The Cisco SD-WAN solution is composed of four main components, each with a specific role:
vManage serves as the management plane, providing a centralized platform for monitoring and managing the SD-WAN fabric.
vBond serves as the orchestrator and authenticator plane, providing secure device authentication and zero-touch provisioning.
vSmart serves as the control plane, providing centralized control and policy management.
vEdge/cEdge devices serve as the data plane.
One of the key features of SDN/SD-WAN is the separation of the Control Plane and Data Plane, and this separation is what allows SD-WAN solutions like cisco SD-WAN to scale up to thousands of branches.
In the Viptela solution, the Control Plane is centralized in the vSmart Controller, which manages the entire SD-WAN fabric. The Data Plane, on the other hand, is distributed across the SD-WAN devices deployed at each branch location. This separation of Control Plane and Data Plane allows the Viptela solution to scale up to thousands of branch locations while maintaining a centralized and consistent management model.
Furthermore, the separation of the two planes allows for intelligent traffic routing decisions to be made based on real-time network conditions. The vSmart Controller can dynamically program the SD-WAN devices to route traffic over the most optimal path based on network performance metrics such as latency, packet loss, and jitter.
vMnage Key Features:
- Centralized Management: vManage provides a centralized platform for managing and monitoring network devices such as routers, switches, and firewalls.
- Network Visualization: vManage offers a graphical representation of the network topology, enabling network administrators to quickly identify network devices and their interconnections.
- Configuration Management: vManage provides a user-friendly interface for configuring network devices and policies, simplifying network management and reducing the risk of errors.
- Real-time Monitoring: vManage offers real-time monitoring of network performance metrics such as bandwidth usage, latency, and packet loss, enabling administrators to quickly identify and resolve network issues.
- Troubleshooting: vManage includes powerful troubleshooting tools that enable administrators to quickly diagnose and resolve network issues, minimizing downtime and improving network performance.

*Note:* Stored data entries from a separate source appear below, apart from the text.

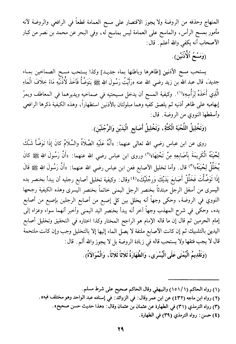 (أَن رَسُول الله صلى الله عَلَيْهِ وَسلم قَالَ إِذا تَوَضَّأت فخلل أَصَابِع يَديك ورجليك) وَقَالَ وَكَيْفِيَّة تَخْلِيل أَصَابِع رجلَيْهِ أَن يبْدَأ بخنصر يَده الْيُسْرَى من أَسْفَل الرجل مبتدئاً بخنصر الرجل الْيُمْنَى خَاتمًا بخنصر الْيُسْرَى وَهَذِه الْكَيْفِيَّة رجحها النَّوَوِيّ فِي الرَّوْضَة وَحكى وَجها أَنه يخلل بَين كل إِصْبَع من أَصَابِع الرجلَيْن بإصبع من أَصَابِع يَده وَحكى فِي شرح الْمُهَذّب وَجها آخر أَنه يبْدَأ بخنصر الْيَد الْيُمْنَى وَأخْبر أَنَّهُمَا سَوَاء وَعَزاهُ إِلَى إِمَام الْحَرَمَيْنِ ثمَّ قَالَ إِن ماقاله الإِمَام هُوَ الرَّاجِح الْمُخْتَار وَكَذَا اخْتَارَهُ فِي التَّحْقِيق وتخليل الْأَصَابِع الْيَدَيْنِ بالتشبيك ثمَّ إِن كَانَت الْأَصَابِع ملتفة لَا يصل المَاء إِلَيْهَا بالتخليل وَجب وَإِن كَانَت ملتحمة قَالَ لَا يجب فتقها وَلَا يسْتَحبّ قَالَه فِي الزِّيَادَة الرَّوْضَة بل لَا يجوز وَالله أعلم قَالَ
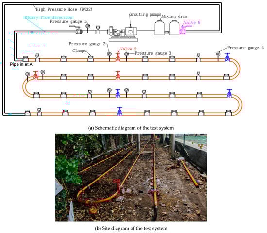 The experimental system spans 130.71 m, comprising 89.71 m of grouting pipeline and 40 m of high-pressure rubber hose. The grouting pipeline consists of 28 straight pipes (3 m in length), 3 elbow pipes (1 m in length), and 2 connecting pipes (0.5 m in length). These components are arranged into 4 rows, each containing 7 straight pipes, as shown in Figure 1.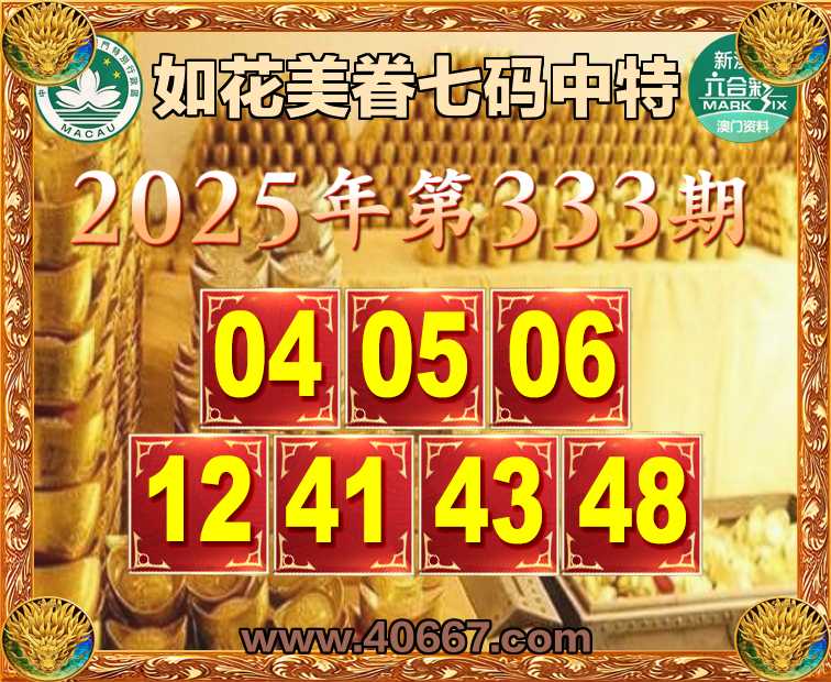 333期:【如花美眷】  ♣️七码中特 ♣️【04.05.06.12.41.43.48】开:06准上榜高手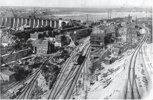 «Розмах будівництва вражав: у березні, коли будівництво тільки починалося, працювало всього 650 осіб, а коли в листопаді 1927 р. було офіційне закладення Дніпровської ГЕС - уже понад 10 тисяч. Урочистий мітинг з нагоди закладення станції відбувся 7 листопада 1927 р., у річницю Жовтневої революції. На ньому були присутні члени українського уряду. На місці майбутньої станції забетонували чавунну меморіальну дошку з текстом російською та українською мовами. Механізмів було мало, хоча будівництво Дніпровської ГЕС уважалося найбільш механізованим. Земельні роботи здебільшого виконувалися вручну за допомогою лопати, грабарки1 й тисяч коней. Народ на будівництві був різний: ув'язнені, бандити, петлюрівці, злодії всіх мастей. Ще були білі офіцери, контрабандисти, священники, спекулянти, куркулі, сектанти, учасники заколотів, аристократи.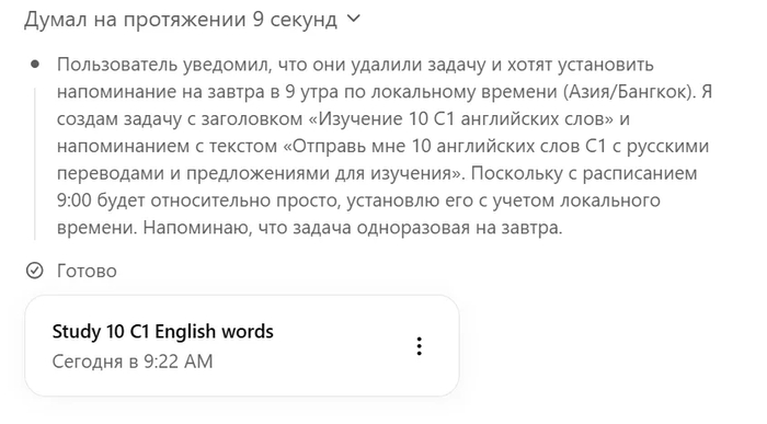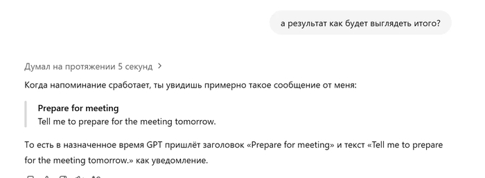 Если GPT не распознает напоминание, то можно использовать в начале запроса слова «Поставь себе напоминание», работает почти 100%

- Security Management: vManage includes advanced security management features such as intrusion detection and prevention, enabling administrators to proactively identify and mitigate security threats.
- Compliance Management: vManage includes compliance management features that enable administrators to ensure that the network is in compliance with regulatory requirements and industry best practices.
- API Integration: vManage offers API integration, enabling administrators to integrate vManage with other network management tools and automate network management tasks.
vSmart Key Features:
- Centralized Control Plane: vSmart provides a centralized control plane for the SD-WAN fabric, enabling administrators to configure and manage the entire network from a single location.
- Routing & Policy Management: vSmart offers advanced routing and policy management features, enabling administrators to define and implement complex routing policies based on network conditions and business requirements.
- Dynamic Path Selection: vSmart includes intelligent path selection algorithms that enable the SD-WAN fabric to dynamically route traffic over the most optimal path based on real-time network conditions.
- Security and Encryption: Shares the data plane keys of a vEdge with other vEdges based on the policy to allow them to build the IPSEC tunnel.
- Zero-touch Provisioning: vSmart supports zero-touch provisioning, enabling SD-WAN devices to be automatically provisioned and configured without the need for manual intervention.
- Act As Route Reflector: Acts as a Route reflector by advertising the branches prefixes based on the policy.
- Brain: vSmart acts as the centralized brain of the cisco SD-WAN system,
vBond Key Features:
- Device Authentication: vBond provides secure device authentication using X.509 certificates and a Public Key Infrastructure (PKI), ensuring that only authorized devices can join the SD-WAN fabric.
- Secure Device Onboarding: vBond supports zero-touch device onboarding, enabling new SD-WAN devices to be securely provisioned and added to the network fabric without the need for manual intervention.
- Centralized Management: vBond provides a centralized management platform for SD-WAN devices, enabling administrators to easily manage and monitor the entire network fabric.
- Secure Communication: vBond provides secure communication between SD-WAN devices, enabling them to securely exchange control plane information and route traffic over the SD-WAN fabric.
vEdge/cEdge Key Features:
- Routing and Switching: vEdge provides advanced routing and switching functionality, including support for BGP, OSPF, and static routing, enabling it to seamlessly integrate with existing network infrastructures.
- WAN Optimization: vEdge includes WAN optimization features such as TCP optimization, compression, and deduplication, enabling it to improve application performance and reduce bandwidth utilization.
- Security and Encryption: vEdge includes advanced security and encryption features such as IPsec VPN, SSL VPN, and NAT, ensuring the confidentiality, integrity, and availability of network traffic.
- Zero-touch Provisioning: vEdge supports zero-touch provisioning, enabling it to be automatically provisioned and configured without the need for manual intervention.
- Cloud Integration: vEdge integrates with cloud services such as AWS and Azure, enabling organizations to easily extend their SD-WAN fabric to the cloud.